Bayliss, Paul, Cannon, and Tipper (2006) demonstrated a somewhat different relationship between observed gaze direction and affective response in the observer. They examined whether the affective appraisal of objects depends on whether they are being looked at by another person. Indeed, objects that had been looked at were rated more favorably than were objects that had been looked away from. This effect did not appear to be mediated by the attention shift that was elicited by the gaze cue as there was no relationship between the size of the gaze-cueing effect and the “liking” effect. Furthermore, whereas similar cueing effects were evoked by arrows cues, no affective boost for cued objects was found. Thus, observed gaze elicits shifts of attention and influences emotional responses to objects, but these two effects appear to be independent, with the affective response being specific to social cues.

Bayliss, Frischen, Fenske, and Tipper (in press) investigated whether this effect of observed gaze on object appraisal is further modified by the emotional expression of the observed face. Studies with infants have suggested that their preference for objects that are the focus of another person’s interest differs depending on the emotional signal expressed by that person. Objects that are interacted with when a person expresses happiness are subsequently explored more than they are when the experimenter expresses disgust (Mumme & Fernald, 2003; Repacholi, 1998). In Bayliss et al.’s (in press) study, objects that were looked at with a happy expression were liked more than were objects looked at with an expression of disgust, although attention was equally cued in the direction of observed gaze by happy and disgusted faces. These results demonstrated that facial expression does modulate the way that gaze cues are used by observers, such that objects that are looked at by another person are evaluated with respect to the valence of the observed facial expression.

Another person’s direction of gaze can also influence affective judgments of other people. This effect is modified by gender differences. Jones, DeBruine, Little, Burriss, and Feinberg (2007) found that women rate male faces that are being looked at by a female face as more attractive when the female face is smiling than when it has a neutral expression. Conversely, men prefer male faces that are being looked at by a female face with a neutral expression compared with those that are being looked at by a smiling female face. This shows that the effects of observed gaze and emotional expression are sensitive to the perceived social relation between the observer and the gazing face as well as to the social relation between the observer and the face that is being looked at by the other person.

This review of the literature on gaze and face perception suggests that although information regarding gaze direction and face identity or regarding expression appears to be processed in different regions of the brain, these types of information can influence each other. Judgments of gaze direction can be influenced by the context of the face containing the eye region, and vice versa, perceived gaze direction affects judgments of semantic aspects of the face such as likeability or emotional expressions. These influences are further modified by the social context in which they occur, for example, whether gaze or facial expression signal approach or avoidance. Likewise, the effect of face perception on gaze cueing or the reverse relationship needs to be viewed in light of the specific circumstances in which they occur. Although changing perceptual or semantic properties of the face stimulus does not appear to affect the short-term gaze-cueing effect in the general population, such influences can be glimpsed when the experimental context encourages encoding of individual face encounters or when taking into account individual differences in the observers. Similarly, manipulating the contingencies between the gaze cue and the target that is being gazed at does not change the cueing effect but nevertheless influences evaluation of the face itself. These findings highlight the need to take into account contextual factors when considering the relationship between gaze and face processing. Thus, rather than attempting to answer the question whether these processes are modular or dependent on one another, it seems more fruitful to try to define the boundary conditions and examine the circumstances under which interactions between gaze and face processing might occur and how they manifest themselves.

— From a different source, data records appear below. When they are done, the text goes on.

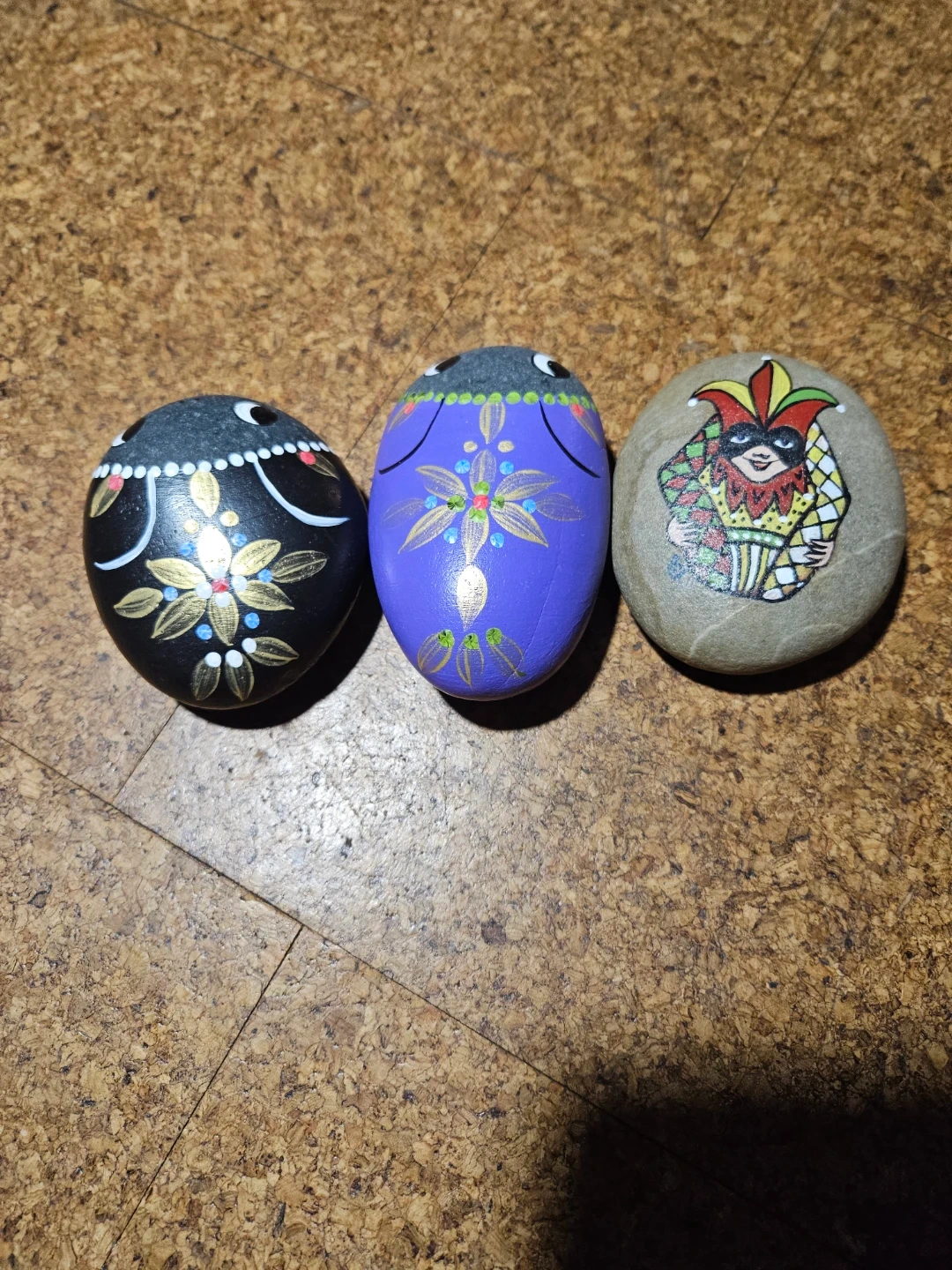 This is a set of three unique hand-painted decorative stones. They feature distinct artistic designs, including floral patterns and a jester motif. Each stone is a unique piece of art, perfect for adding a touch of charm to your home decor.
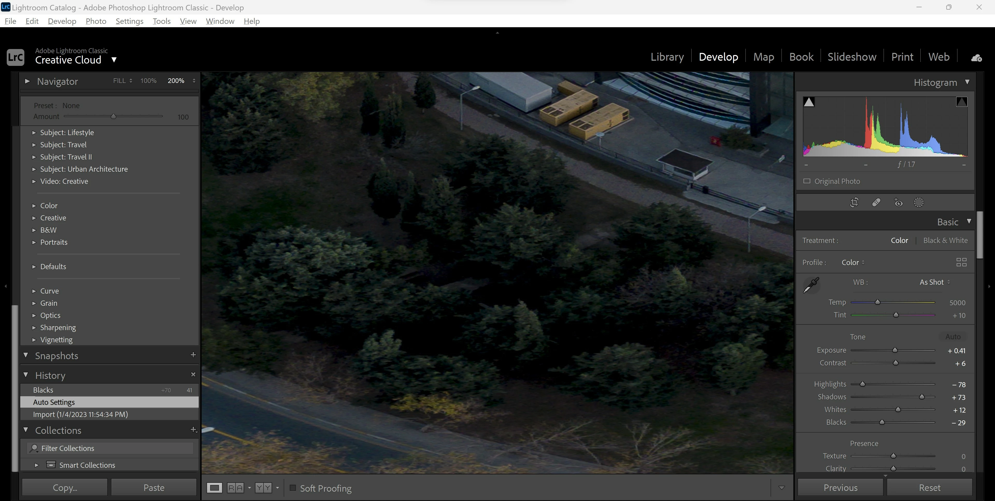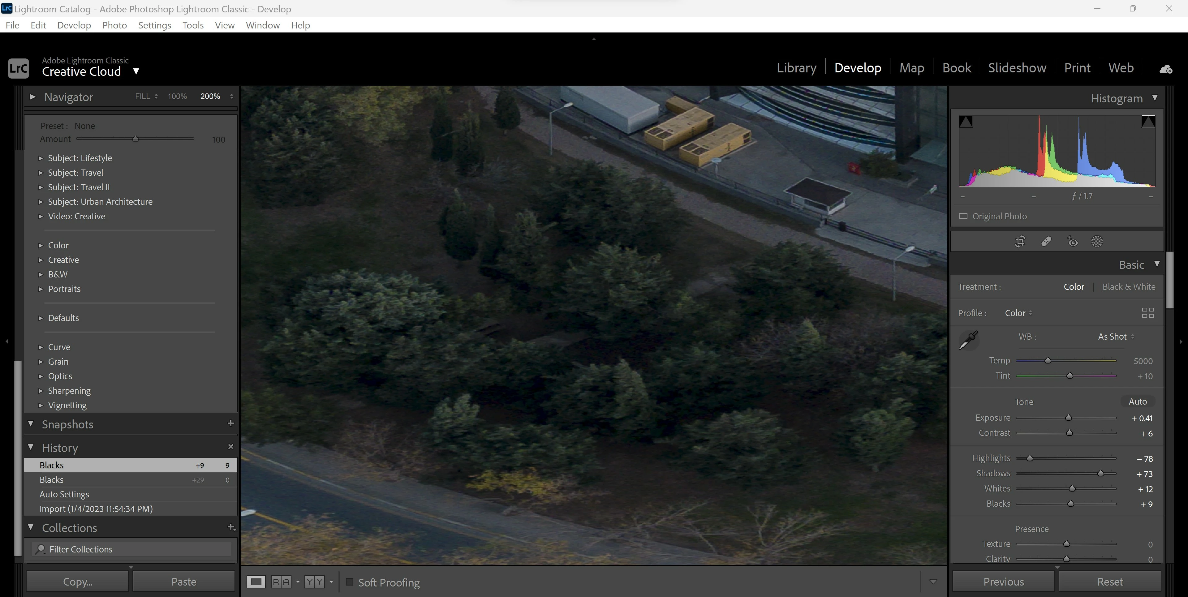 When I increase the Blacks globally I get details back within the shadows of the trees. But I don't want this Blacks adjustment to apply globally - I just want it in the tree area.
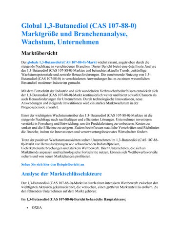 Global 1,3-Butanediol (CAS 107-88-0) Marktgröße und Branchenanalyse, Wachstum, Unternehmen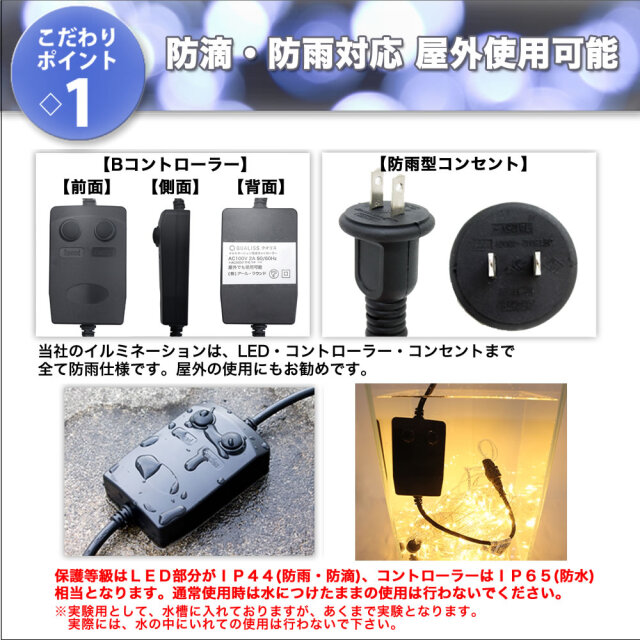 ライト、コントローラー、コンセントとも防滴仕様で屋外での使用も可能です。

Individual Differences in Gaze Cueing

The literature on sex differences in adults is extensive, both in the domain of cognitive skills (e.g., spatial cognition, at which male participants often perform better than do female participants; Ecuyer-Dab & Robert, 2004; Geary, 1998) and in decoding of nonverbal behavior (Hall, 1978). There is also recent evidence that the mirror neuron system, discussed above, is weaker in male systems (Cheng, Tzeng, Decety, Imada, & Hsieh, 2006). Individual differences in the sensitivity to other people’s eye gaze are detectable very early in development by the age of around 12 months. Male infants make less eye contact (Lutchmaya, Baron-Cohen, & Raggatt, 2002) and orient toward faces less (Connellan, Baron-Cohen, Wheelwright, Batki, & Ahluwalia, 2000; Lutchmaya & Baron-Cohen, 2002) than do female infants. A strong biological component to the development of eye contact behavior is suggested because of its early emergence and because of the finding of a significant quadratic relationship between prenatal testosterone levels and the amount of eye contact made (Lutchmaya et al., 2002). Furthermore, a recent study has shown stronger joint attention in female infants than male infants at 12 months (Olafsen et al., 2006). Although the developmental and social psychology literature had documented sex differences in response to social stimuli such as faces and gaze, the attention literature has rarely concerned itself with how males’ and females’ attention systems may respond in simple cueing tasks.

Bayliss et al. (2005) investigated whether a reflexive phenomenon such as gaze cueing would reveal sex differences in a normal adult population. The findings were striking: Male participants did indeed display significantly weaker gaze-cueing effects than did female participants (see also Deaner et al., 2007). Although the gender difference in gaze cueing may have come as little surprise to developmental and social psychology researchers, the idea that such a simple orienting response is markedly different in one half of the population may be an unexpected result in the research of attention. To investigate whether this gender difference was specific to social cues, Bayliss et al. (2005) also compared male and female performances with centrally presented arrow cues and peripheral sudden-onset cues. Peripheral cueing revealed no difference between male and female performances. However, with arrow cues, male participants showed no performance differences at cued versus uncued locations, whereas female participants showed a standard cueing effect (see also Merritt et al., 2005).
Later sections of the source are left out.